Colleges told to raise more cash

19th November 2004 at 00:00
Colleges will have to raise more money from students and industry in the future as the Government cuts back its contribution to the costs of further education.

Charles Clarke, the Education Secretary, has told colleges that his department cannot continue to stump up 80 per cent of colleges' running costs while bills continue to rise.

Last year Mr Clarke hinted to colleges that they would need alternative funding.

This week, at the annual conference of the Association of Colleges in Birmingham, he said that the Learning and Skills Council's difficulties in funding 16-19 expansion have revealed the seriousness of the problem.

The Department for Education and Skills is committed to ensuring colleges are paid to increase the number of 16 to 19-year-olds and adults achieving level 2 (GCSE-equivalent) qualifications.

Speaking at the AoC's conference this week, Mr Clarke told principals they need to "diversify" their sources of funding.

Colleges should also look at generating more income through commercial activities such as consultancy and hiring out facilities. These currently account for 9 per cent of their business in cash terms.

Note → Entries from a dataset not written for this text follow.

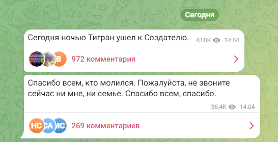 "Сегодня ночью Тигран ушел к Создателю. Спасибо всем, кто молился. Пожалуйста, не звоните сейчас ни мне, ни семье", - написала Симоньян.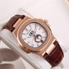 Replica Nautilus A21j Automatic Movement Mens Watch Black Dial Leather Strap A E150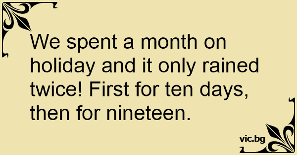 We spent a month on holiday and it only rained twice! First for ten days, then for nineteen.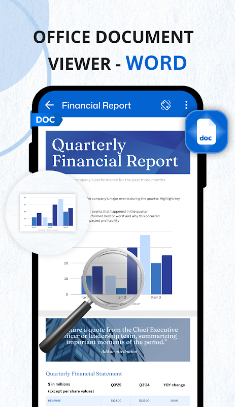 Suchen Sie nach einem Dokumentenleser, der alle Dokumente auf Ihrem Telefon öffnen kann? All Document Reader ist eine Komplettlösung, mit der Sie alle Arten von Dokumenten anzeigen können, einschließlich Word-, Excel-, PowerPoint-, PDF-, Text- und Komprimierungsdateien.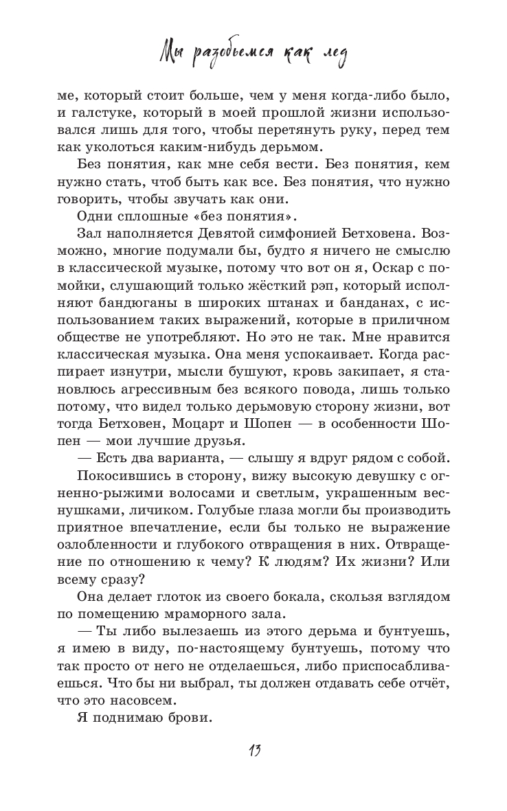 Единственный выход – выступать с партнёром. Им становится новенький в Аспене, Оскар. Парень, которого после одного провального вечера ей хотелось бы больше никогда не встречать. Тем не менее взгляд Оскара вызывает в ней бурю новых эмоций. И пусть всё в ней сопротивляется тому, чтобы открыться новому партнёру, Гвен решает воспользоваться последним шансом осуществить заветную мечту. Совместный полёт по льду требует страсти и безграничного доверия, но Гвен не только подозревает, что у Оскара тёмное прошлое. Хуже всего, что она больше не может доверять самой себе...

He said: "To really make a lift we need to get more people to say we are going to contribute and we are going to provide resources, as employers, as individuals or what ever it may be.

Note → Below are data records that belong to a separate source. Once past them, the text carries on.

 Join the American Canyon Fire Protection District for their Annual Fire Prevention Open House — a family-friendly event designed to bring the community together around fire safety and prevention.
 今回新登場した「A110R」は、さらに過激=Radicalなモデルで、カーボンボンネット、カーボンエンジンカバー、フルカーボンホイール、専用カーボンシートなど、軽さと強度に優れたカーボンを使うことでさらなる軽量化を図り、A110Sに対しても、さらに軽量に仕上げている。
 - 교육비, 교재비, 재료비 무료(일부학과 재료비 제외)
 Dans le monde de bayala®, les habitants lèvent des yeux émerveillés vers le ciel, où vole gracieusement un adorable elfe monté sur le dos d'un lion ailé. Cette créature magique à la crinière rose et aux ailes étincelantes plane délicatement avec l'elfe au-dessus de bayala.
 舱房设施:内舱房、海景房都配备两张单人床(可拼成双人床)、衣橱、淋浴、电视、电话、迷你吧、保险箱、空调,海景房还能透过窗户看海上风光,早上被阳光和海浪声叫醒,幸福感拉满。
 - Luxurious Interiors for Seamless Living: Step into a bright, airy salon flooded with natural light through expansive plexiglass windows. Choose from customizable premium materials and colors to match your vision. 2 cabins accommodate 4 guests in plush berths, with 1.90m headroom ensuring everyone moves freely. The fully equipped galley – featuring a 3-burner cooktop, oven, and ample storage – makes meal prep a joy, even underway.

"It means diversifying income, finding new business and collecting more from fees. The proportion of income from fees and other services needs to increase. Employers need to pay more for the training from which they benefit."

The urgency of the situation was revealed this week when the LSC was told in a letter from Mr Clarke how much money it would be getting for the next three years. The letter, to LSC chairman Chris Banks, shows colleges will need to raise more cash from students or the private sector. Much of the spending planned up to 2008 is being brought forward to pay for the rapid growth in numbers of 16 to 18-year-olds.

There will be 8.1 per cent more cash available next year but only 2.8 per cent in 20067 - an average annual increase of 5 per cent.

Mr Clarke told the AoC that colleges will be expected to work more closely with employers to make sure vocational training improves productivity in the workforce.

He said the new sector skills councils, which represent employers, will have an important role to play in this area. He told the AoC: "These (the sector skills councils) will have greater importance in your work and society as a whole than many people will acknowledge."

Julian Gravatt, finance director of the AoC, said the funding figures for FE compared poorly with universities.

He told FE Focus: "This compares poorly with universities who will get 7 per cent a year. Nearly all of what we get will be required to deal with the 100,000 extra 16 to 18-year-olds. And it will not go very far, particularly if it's spent on the more expensive sixth forms that cost pound;1,000 a student more than colleges. The work of colleges will remain under the microscope for some time to come."

The National Audit Office is looking into college governance while Sir Andrew Foster, chair of the bureaucracy-cutting taskforce, will head an independent FE review.

Mr Clarke's letter puts the LSC under notice to act to make sure that colleges find other funding.